Exercise: In the records that follow, find the line containing "Butelki sensoryczne od" and the line containing "SK바이오팜은 윤리규범 및", then transcribe both and every line between them exactly, omitting pictures.

Dataset entries:
=======

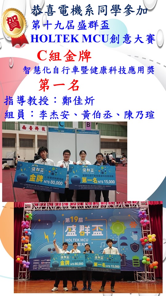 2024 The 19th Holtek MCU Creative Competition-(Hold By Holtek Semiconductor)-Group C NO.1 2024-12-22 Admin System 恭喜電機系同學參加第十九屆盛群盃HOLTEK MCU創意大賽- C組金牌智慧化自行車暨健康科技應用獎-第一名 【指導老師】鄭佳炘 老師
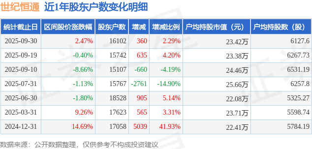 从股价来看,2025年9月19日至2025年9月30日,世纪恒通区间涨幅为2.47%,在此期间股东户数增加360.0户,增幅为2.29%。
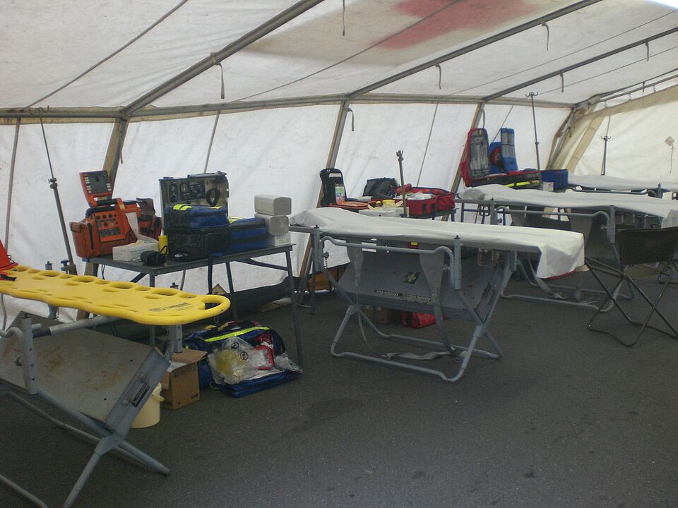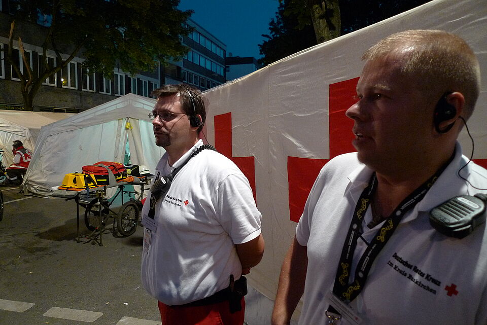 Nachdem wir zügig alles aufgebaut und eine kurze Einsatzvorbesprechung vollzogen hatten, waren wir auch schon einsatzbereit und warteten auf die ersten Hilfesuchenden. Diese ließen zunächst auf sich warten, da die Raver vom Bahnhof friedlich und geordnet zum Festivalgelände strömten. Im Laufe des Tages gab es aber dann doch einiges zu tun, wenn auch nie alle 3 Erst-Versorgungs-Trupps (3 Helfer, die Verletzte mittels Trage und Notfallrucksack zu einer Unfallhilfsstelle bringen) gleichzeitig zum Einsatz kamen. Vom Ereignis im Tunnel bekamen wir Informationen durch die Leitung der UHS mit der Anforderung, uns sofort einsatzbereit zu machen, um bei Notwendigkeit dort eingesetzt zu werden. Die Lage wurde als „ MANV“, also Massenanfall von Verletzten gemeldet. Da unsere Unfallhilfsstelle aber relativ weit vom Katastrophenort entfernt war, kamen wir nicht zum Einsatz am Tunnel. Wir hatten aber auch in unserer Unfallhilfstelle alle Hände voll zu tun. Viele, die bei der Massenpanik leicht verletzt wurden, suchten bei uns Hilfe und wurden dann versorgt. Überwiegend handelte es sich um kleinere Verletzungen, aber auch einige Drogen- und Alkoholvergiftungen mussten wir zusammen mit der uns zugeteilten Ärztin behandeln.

=======

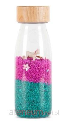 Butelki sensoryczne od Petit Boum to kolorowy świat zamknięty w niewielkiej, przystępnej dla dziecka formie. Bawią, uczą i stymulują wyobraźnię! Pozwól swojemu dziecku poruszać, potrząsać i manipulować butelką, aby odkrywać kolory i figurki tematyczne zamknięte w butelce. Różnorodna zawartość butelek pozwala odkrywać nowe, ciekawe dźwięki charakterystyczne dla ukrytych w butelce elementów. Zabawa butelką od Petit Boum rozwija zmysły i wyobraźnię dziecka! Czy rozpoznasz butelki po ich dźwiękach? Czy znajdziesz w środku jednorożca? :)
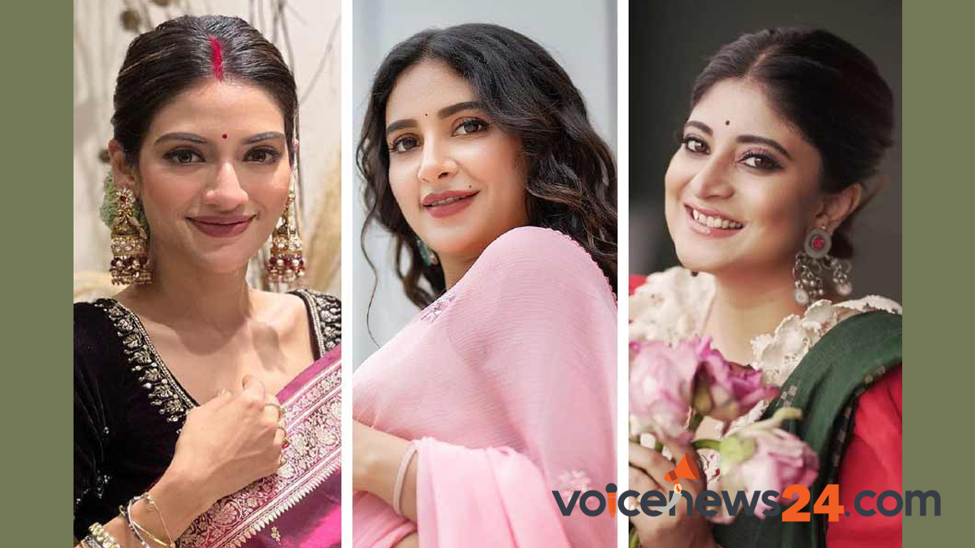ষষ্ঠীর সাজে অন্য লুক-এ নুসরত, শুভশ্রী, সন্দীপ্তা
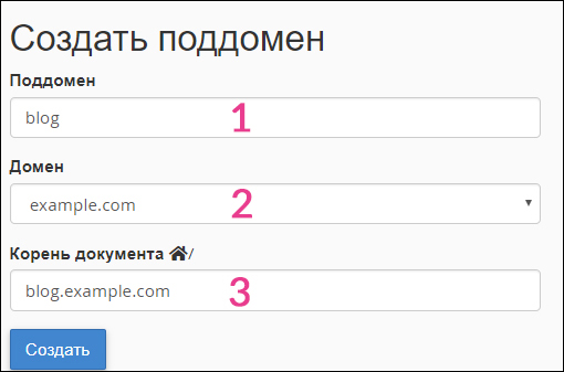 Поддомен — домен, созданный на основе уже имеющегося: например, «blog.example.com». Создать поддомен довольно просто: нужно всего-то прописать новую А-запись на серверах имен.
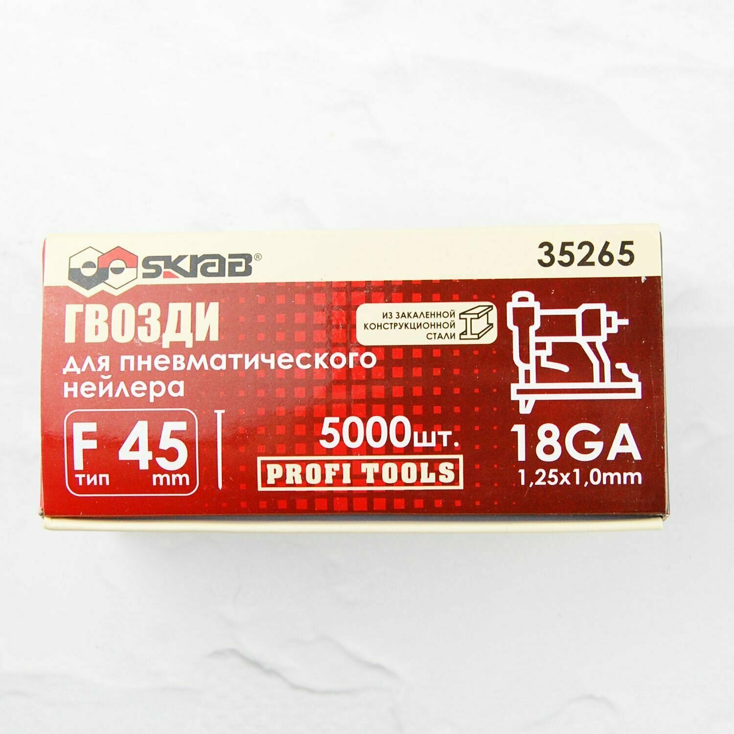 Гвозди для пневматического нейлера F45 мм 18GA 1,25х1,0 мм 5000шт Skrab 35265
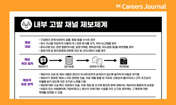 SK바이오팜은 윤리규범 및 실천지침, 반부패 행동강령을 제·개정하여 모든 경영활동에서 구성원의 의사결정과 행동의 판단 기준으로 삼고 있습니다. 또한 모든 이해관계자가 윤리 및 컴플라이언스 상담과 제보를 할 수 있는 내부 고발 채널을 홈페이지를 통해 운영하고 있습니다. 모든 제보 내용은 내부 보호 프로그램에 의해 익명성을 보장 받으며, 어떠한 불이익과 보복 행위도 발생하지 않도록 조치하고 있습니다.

=======

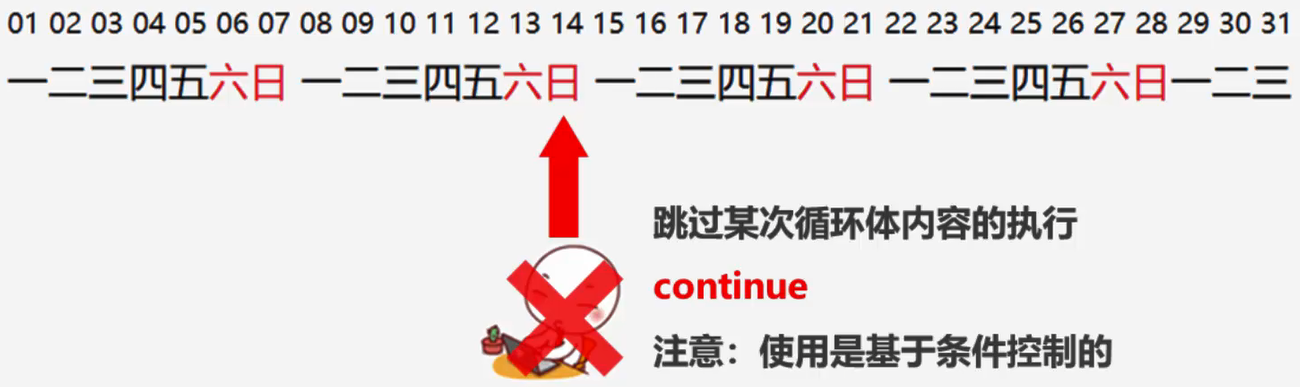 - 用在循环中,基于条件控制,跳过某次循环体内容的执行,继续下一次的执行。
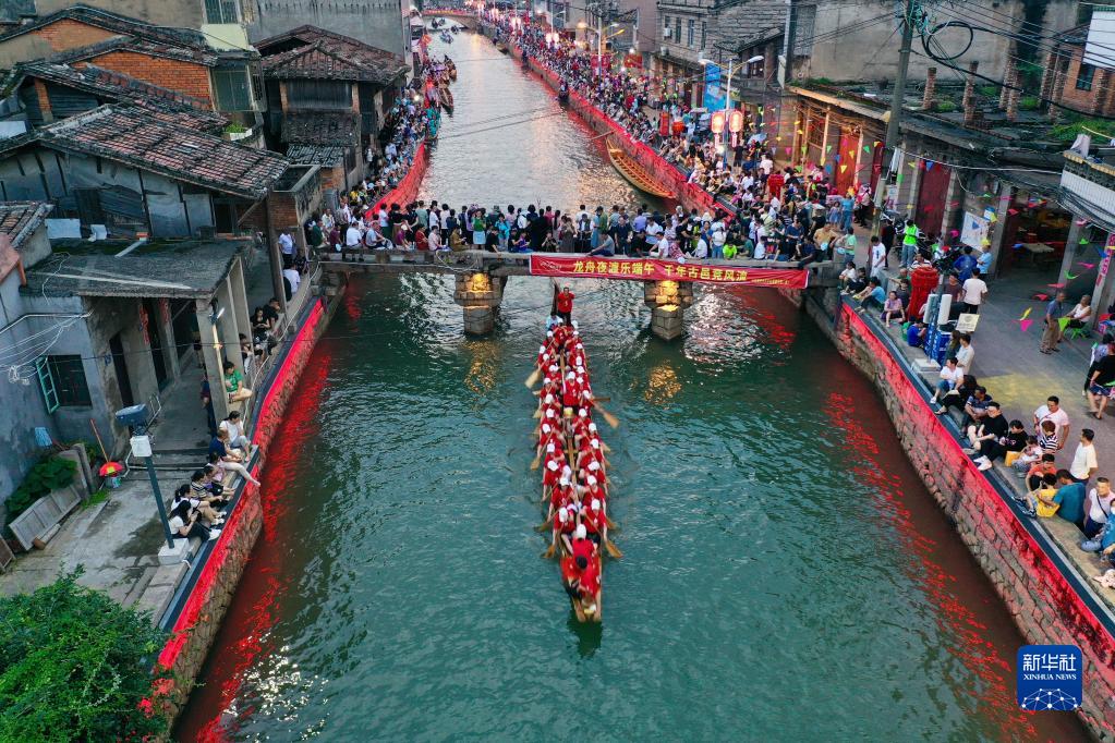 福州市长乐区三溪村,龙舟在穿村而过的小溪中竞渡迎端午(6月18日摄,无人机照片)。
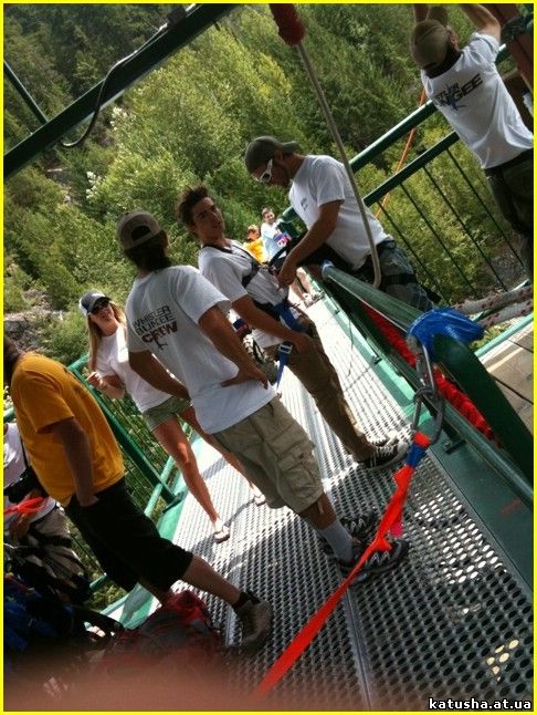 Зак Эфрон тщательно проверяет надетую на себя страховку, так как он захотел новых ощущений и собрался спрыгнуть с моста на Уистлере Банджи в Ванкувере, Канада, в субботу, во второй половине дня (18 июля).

=======

Answer space:
 Butelki sensoryczne od Petit Boum to kolorowy świat zamknięty w niewielkiej, przystępnej dla dziecka formie. Bawią, uczą i stymulują wyobraźnię! Pozwól swojemu dziecku poruszać, potrząsać i manipulować butelką, aby odkrywać kolory i figurki tematyczne zamknięte w butelce. Różnorodna zawartość butelek pozwala odkrywać nowe, ciekawe dźwięki charakterystyczne dla ukrytych w butelce elementów. Zabawa butelką od Petit Boum rozwija zmysły i wyobraźnię dziecka! Czy rozpoznasz butelki po ich dźwiękach? Czy znajdziesz w środku jednorożca? :)
ষষ্ঠীর সাজে অন্য লুক-এ নুসরত, শুভশ্রী, সন্দীপ্তা
 Поддомен — домен, созданный на основе уже имеющегося: например, «blog.example.com». Создать поддомен довольно просто: нужно всего-то прописать новую А-запись на серверах имен.
 Гвозди для пневматического нейлера F45 мм 18GA 1,25х1,0 мм 5000шт Skrab 35265
 SK바이오팜은 윤리규범 및 실천지침, 반부패 행동강령을 제·개정하여 모든 경영활동에서 구성원의 의사결정과 행동의 판단 기준으로 삼고 있습니다. 또한 모든 이해관계자가 윤리 및 컴플라이언스 상담과 제보를 할 수 있는 내부 고발 채널을 홈페이지를 통해 운영하고 있습니다. 모든 제보 내용은 내부 보호 프로그램에 의해 익명성을 보장 받으며, 어떠한 불이익과 보복 행위도 발생하지 않도록 조치하고 있습니다.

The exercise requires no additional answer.